I think this is a more fruitful approach because it bypasses the steep hurdles presented by organizational politics, and also because it would be be a necessary process even if we were to create a common platform. The obvious candidate is RSS syndication, since it is already widely understood and adopted. Most of the platforms used for citizen journalism and UGC already have some RSS capability and provide features that can put organizations of very limited technical capability into the game. A wide variety of the content management systems developed or adopted by stations for site management can already use RSS, or could be tweaked to produce RSS for small investments.

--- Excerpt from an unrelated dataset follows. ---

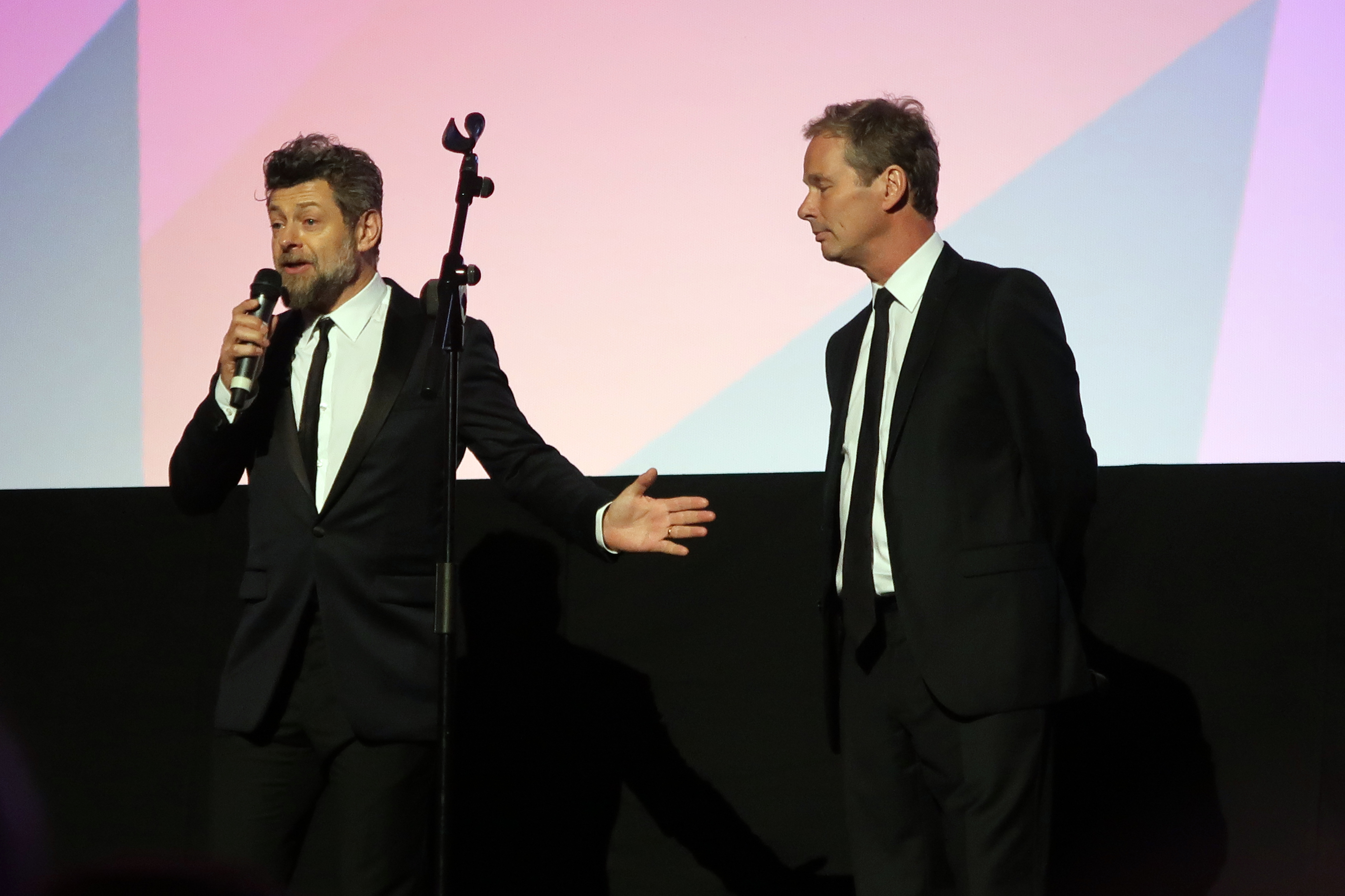 Andy Serkis and producer (and son of Robin and Diana Cavendish) Jonathan Cavendish

Once at the point where all (or at least most) stations can export their content in a common form, exploiting, aggregating and monetizing the result becomes a task divorced from how the content was created. It seems that this is a place where a more centralized approach becomes both practical and desirable.

As a model, I point to the NPR podcast project, which brings in content from a truly wide variety of sources with varying capabilities, and bundles it with national branding, national underwriting, traffic reporting and revenue sharing, and can still accomodate a regional underwriter segment, and doesn’t prevent producers from also distributing the same core content via their own station.org or program.org addresses. With a limited investment in export standards, a similar portal-style approach could be applied to the whole of the system’s output without having to pry station’s longstanding approaches to the web from their cold, dead hands.